Литмир - Электронная Библиотека
A
A

– Да, конечно.

Он поднимает руку; с его пальца свешиваются ключи.

– Хочешь сесть за руль?

Я выхватываю их.

– Встретимся у машины.

Уже на улице, опускаюсь на водительское сиденье красного Фольксваген Коррадо, который когда-то принадлежал мне, провожу пальцами по рулю. Едва уловимый запах травки, смешанный с запахом еды из Макдональдса, возрождает воспоминания обо всех часах, проведенных с этой машиной – как ее ремонтировал, как бесцельно катался по Форт-Майерс с друзьями, как занимался сексом с Пэйдж на заднем сиденье. Я нашел ее через интернет, когда мне было пятнадцать, и купил на собственные деньги. Сам отреставрировал. Меня немного раздражает то, что Райан счел правомочным присвоить машину себе после моего отъезда, только я ничего не сказал по этому поводу. Я ей не пользовался. Сейчас… она больше не ощущается как моя.       

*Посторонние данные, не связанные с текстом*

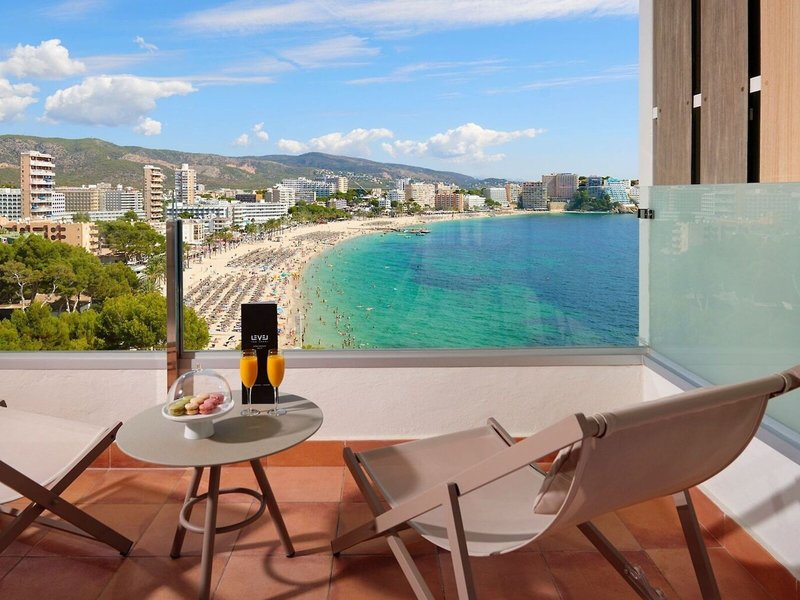 Poloha a okolie Tento atraktívny luxusný hotel sa nachádza na okraji mesta Magaluf. Nachádza sa v mierne vyvýšenej polohe, priamo na pláži a ponúka nádherný výhľad na záliv. Úchvatná piesočnatá pláž sa nachádza priamo pred hotelom. Do mnohých obchodov a zábavných podnikov v meste Magaluf sa dostanete za pár minút.
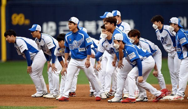 4일 서울 고척스카이돔에서 ‘2021 희망더하기 자선야구대회’가 열렸다. 양 팀 선수들이 오징어게임 속 ‘무궁화 꽃이 피었습니다’ 게임을 하고 있다.
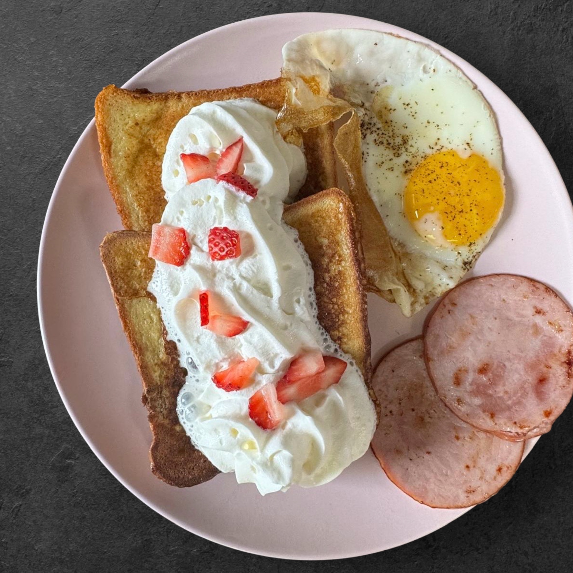 Served with bacon/ham /slices of thick & fluffy bread dipped & griddled in our new vanilla, cinnamon French toast batter
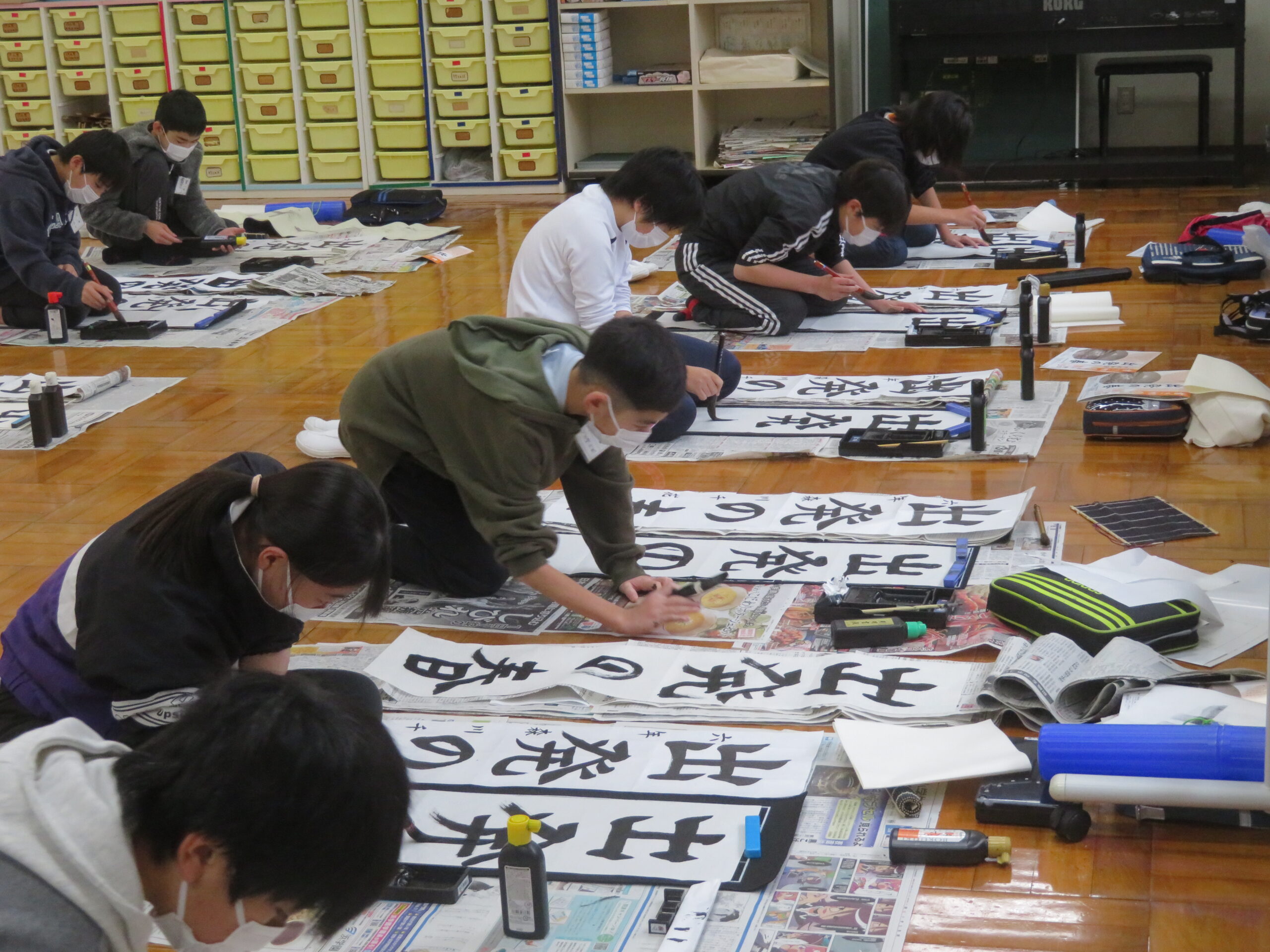 北の子ホールで新聞氏を広げて、大きな筆を使って真剣に練習に取り組んでいます。

Райан садится на пассажирское сиденье; аромат одеколона заполняет салон. Откашлявшись, открываю окно.

– Черт, Рай, ты искупался в этом дерьме?

– Пэйдж нравится, – отвечает он. – Она подарила мне его на день рождения.

Мои брови приподнимаются.

– Она подарила?

Райан кивает. Когда он самоуверенно мне улыбается, замечаю у него скол на одном из передних зубов, оставшийся после падения в скейт-парке. Этот разговор настольно неуместен, что я не знаю даже, с чего начать. Пэйдж ненавидела, если от меня пахло чем-то, кроме меня самого. 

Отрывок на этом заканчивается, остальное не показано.